The interview came as Carrier IQ faced four lawsuits and a request by a US lawmaker for an investigation by the Federal Trade Commission. US Senator Al Franken has already demanded the Mountain View, California-based company answer a battery of questions, including whether it violates federal wiretap statutes.

The reason the SMS contents and key taps are monitored at all is so they can be used to invoke Carrier IQ programming interfaces, he continued. Messages or key sequences that contain proprietary tags can be used to manually upload diagnostic information. Those that don't contain the special formatting (such as key taps shown in the developer's demo) dissolve into the ether as soon as they come in.

“The content of the SMS is never stored and never transmitted,” Coward said.

His version of the software has been confirmed by Dan Rosenberg, an Android security researcher who has reverse engineered Carrier IQ and examined the underlying machine language. He said he took the undertaking after viewing a video demonstration posted on Monday that showed the software echoing the precise key taps developer Trevor Eckhart typed into his HTC EVO handset.

“What the video is depicting is the application printing out what are known as bugging logs,” he said. “It's a way that applications keep a temporary record of the things they were doing so if anything were to break, a developer could go and read that record and figure out what went wrong. That's very different from the application actually recording that information and sending it off to the carrier.”

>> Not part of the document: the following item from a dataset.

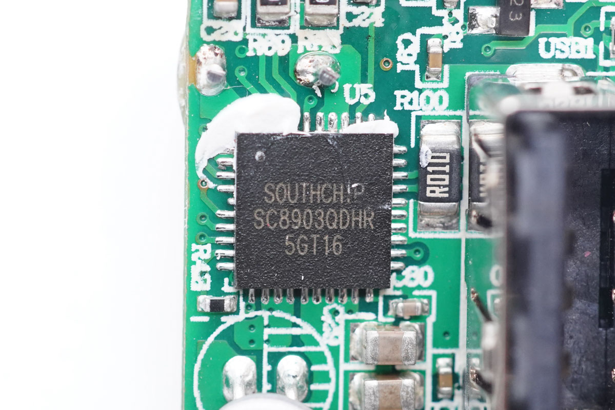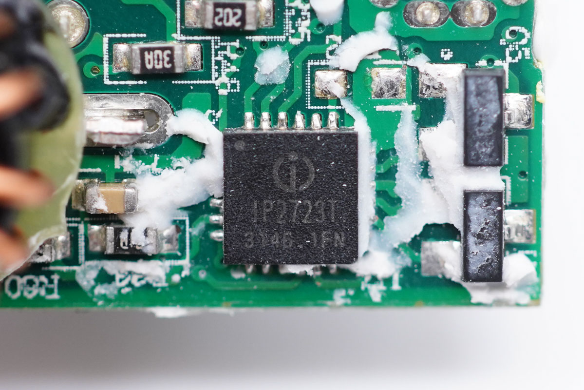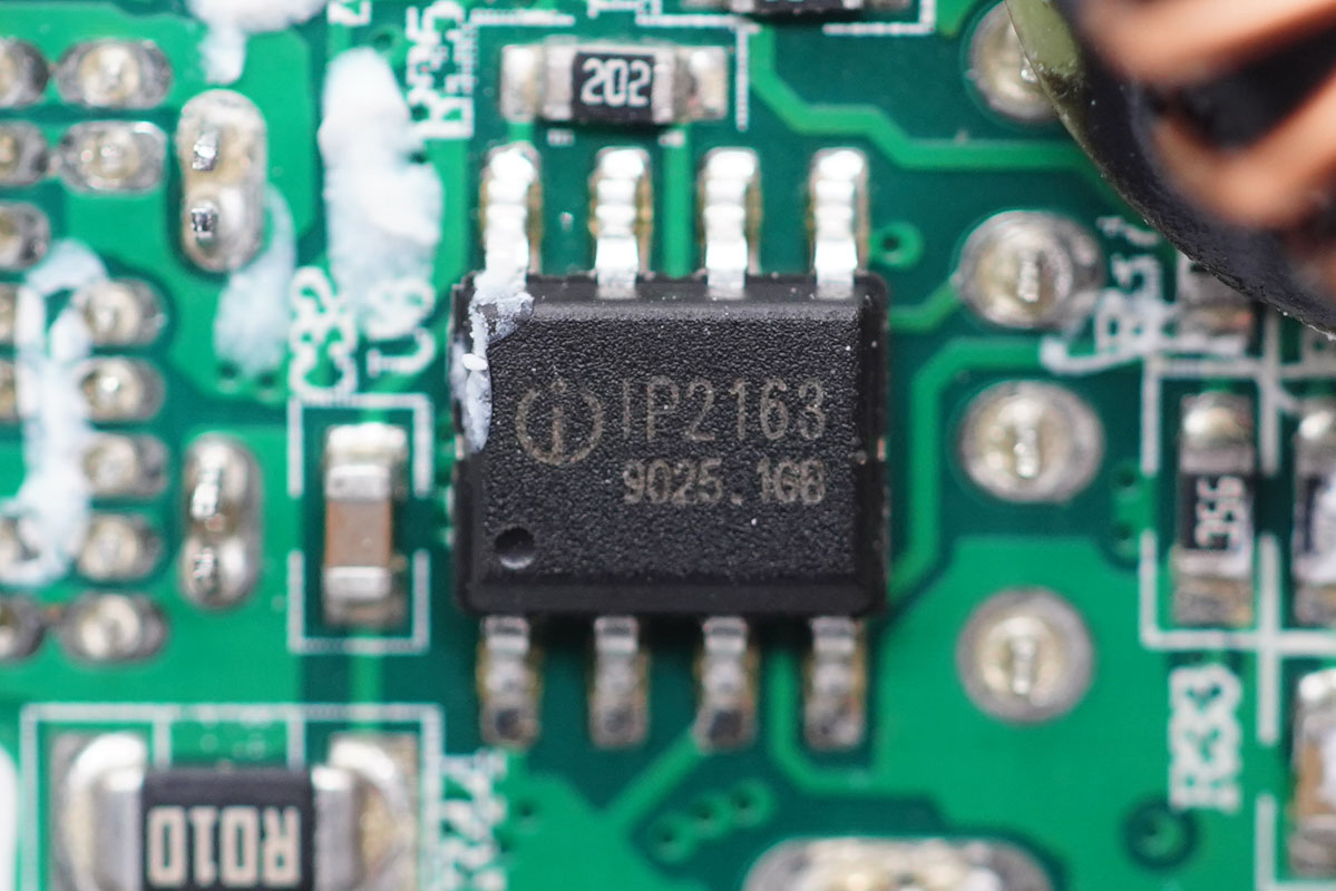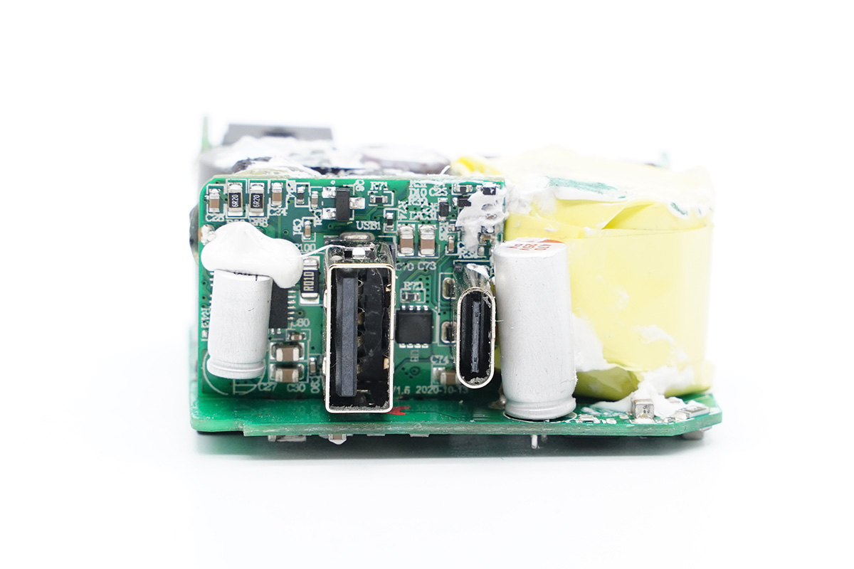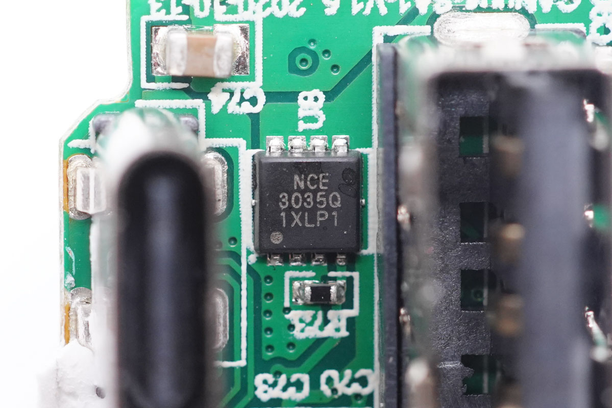 充電頭網(wǎng)通過(guò)拆解了解到,充電器內(nèi)部元器件布局緊湊,輸入輸出端均設(shè)有小板,電容、變壓器等元器件打膠處理。充電器開(kāi)關(guān)電源由安森美NCP1342搭配納微氮化鎵功率芯片,以及MPS MP6908A搭配萬(wàn)代同步整流管組成,由英集芯IP2723T控制USB-C口輸出電壓。USB-A接口采用南芯SC8903進(jìn)行升降壓電壓轉(zhuǎn)換,由英集芯IP2163進(jìn)行協(xié)議識(shí)別,控制A口輸出電壓。

What follows are highlights from The Register's interview with Coward:

Carrier IQ speaks

The Register: Explain what's happening in the video. It does appear that the exact sequence of key taps is monitored or logged.

Coward: Those are two different things. The sequence of keys pressed, the sequence of things that happen on a device, gets passed to the software, and we are passing that through a fine filter to figure out what's needed and what needs to be captured and turned into the analytics. This is incredibly nuanced. To our world, there's a vast difference between seeing activity on a device and taking that information and straight copying, verses doing things that are important for the function of the analytics we need to gather.

As far as I know you don't have any kind of privacy policy with any kind of end user, so if you do [collect personally identifiable information] I don't necessarily have any recourse against you anyway. Do you agree on that?

We're not collecting data on our own behalf, and that's really important. The data that's being gathered is commissioned by the operators to be gathered. It's under their control, albeit sometimes in our data center, sometimes in their data center. We have no rights to that data.

You certainly have the potential to see the precise sequence of key taps and you do have the potential to see each message sent, the phone numbers somebody dials, the location where they're typing, but you are choosing not to log it?

Correct, and to prove that's the case, we've brought in security consultants to take a look at our code and take a look at what we're doing and validate it.

One of the problems I had with what you said in the past was you said, we can't do it. I had a tough time reconciling your statement that we can't do it with a YouTube video showing a debugger being plugged in and exactly that thing happening. We can't and we don't are two entirely different things.

My point is that the software was never designed to gather and transmit that text. It was designed to filter all the information that comes through. We can't gather that information because the software isn't written that way. That's the point really, that to gather the analytics this information is constantly pumping through your phone, and tapping into that cycle is a function of what you code and what you're looking for. We're putting a huge filter on that to reduce what we're seeing to the essence of what's needed by our customers to solve the problems they have.

If we're looking at a debugger that is monitoring what goes into Carrier IQ and it is showing the precise sequences of key presses, how is it that the software isn't designed to capture the precise sequences of key presses? I'm still having a tough time reconciling what I see in the YouTube video with what you say.

What we're doing is looking at this vast stream of information that’s coming in and we're filtering it to populate specific analytics that get transmitted back. Some of that information has been described as somewhat sensitive. If you have a dropped call, what was your location and so on.

In seeing all this information come through, the software does not have the ability, because of the way it's written, to say I need to capture your SMS message and transmit it up. What we want to know is how many SMS messages were sent and did it succeed or did it fail.

So the question is why are we even seeing some of this content? Why is it important to us? For example, why bother looking at SMS traffic if you're not going to actually capture the content that sits inside it? And there are very specific reasons.

With the SMS one, there are control messages that come to us through SMS. So the back end system, for example, wants your device to check in or deliver an upload of the latest information, it has the ability to send an SMS message to a device to say please upload this information now. So we look at SMS messages that come in, and SMS messages that come in and are tagged with our details we will look at and say OK, this one is for us, let's process it and follow the actions inside of it.

In other words, a phone with Carrier IQ on it may receive an SMS that has formatting in it that calls some sort of an API?

Right.

The metaphor that's coming to mind is you're a fisher with a big net and you're catching everything that's out there and then you're quickly deciding we're going to throw this out, we're going to throw this out, we're going to keep this. The concern that we're having is we're seeing you guys catch all this stuff and we're not necessarily seeing you throw everything out.

I like the fishing analogy. It's a good one. To answer your point, we're on a fishing boat out at sea and we're catching fish that are too small and they go back in, and they go back in for two reasons. One, the holes in the net don't catch small fish, i.e. the filtering and/or the fish is the wrong type and it gets thrown out of the boat, hopefully while it's still alive.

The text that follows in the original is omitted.